I have two strings like below –
1)500 Rahway Avenue, Westfield, NJ 07090
2)910 N Harbor Drive, San Diego CA 92101
Want to get 2 Expected output-
1)Westfield
2)San Diego
And
1)NJ
2)CA
I tried below approach for output NJ and CA –
s1.rsplit(" ")[-2]
But this is not the right approach.
Any help would be appreciated.
>Solution :
Assuming the city is placed right before the zip code and that zip code always has two capitals, then using a regular expression you could do it like this:
import re
s = """500 Rahway Avenue, Westfield, NJ 07090
910 N Harbor Drive, San Diego CA 92101"""
results = re.findall(r", ([^,]*),? ([A-Z]{2}\b)", s)
print(results)
Output:
[('Westfield', 'NJ'), ('San Diego', 'CA')]

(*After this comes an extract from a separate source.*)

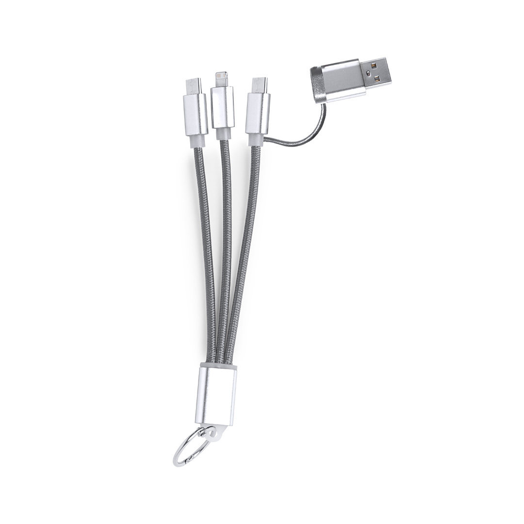 Cable cargador con conexión dual micro USB/Lightning y tipo C (entrada y salida). Conectores de aluminio y chapa especialmente diseñada para marcaje en láser.
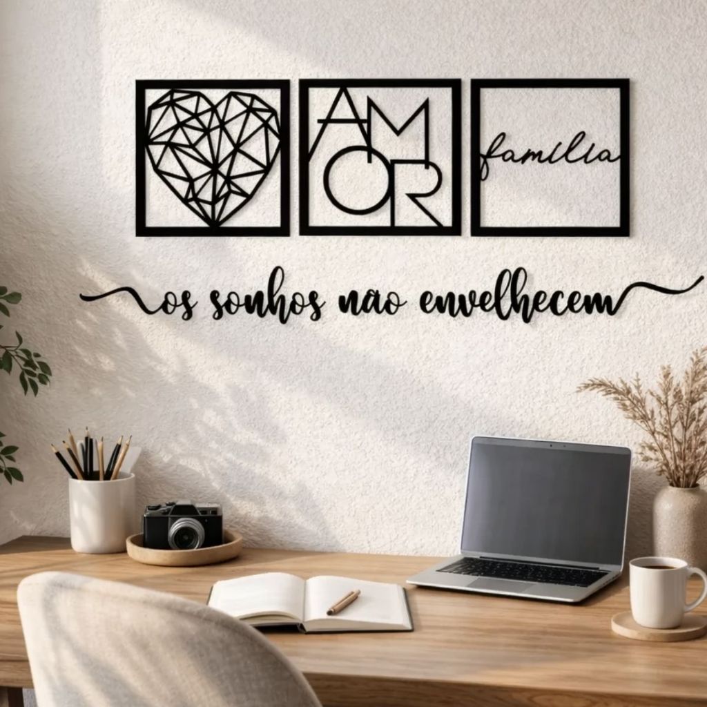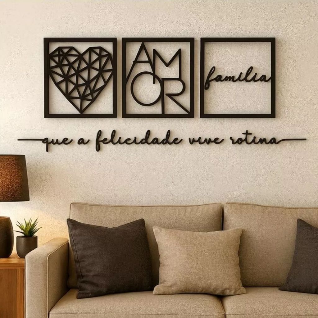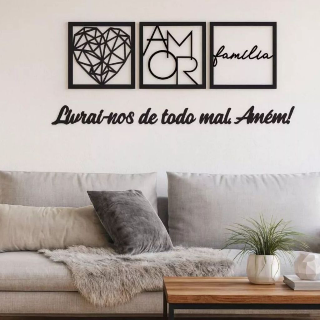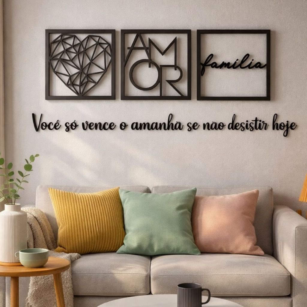 Kit 3 Quadros Cabeceira Familia Coração Geométrico Amor + Frase de Parede Variados Sala Mini coração

With the zip function you can turn that into a sequence of cities and of zipcodes:
cities, zipcodes = zip(*re.findall(r", ([^,]*),? ([A-Z]{2}\b)", s))
print(cities)
print(zipcodes)
Output:
('Westfield', 'San Diego')
('NJ', 'CA')
When you deal with separate strings for each line, you could also use that same regex as follows:
import re
lst = [
"500 Rahway Avenue, Westfield, NJ 07090",
"910 N Harbor Drive, San Diego CA 92101"
]
for s in lst:
city, zipcode = re.search(r", ([^,]*),? ([A-Z]{2}\b)", s).groups()
print(city, zipcode)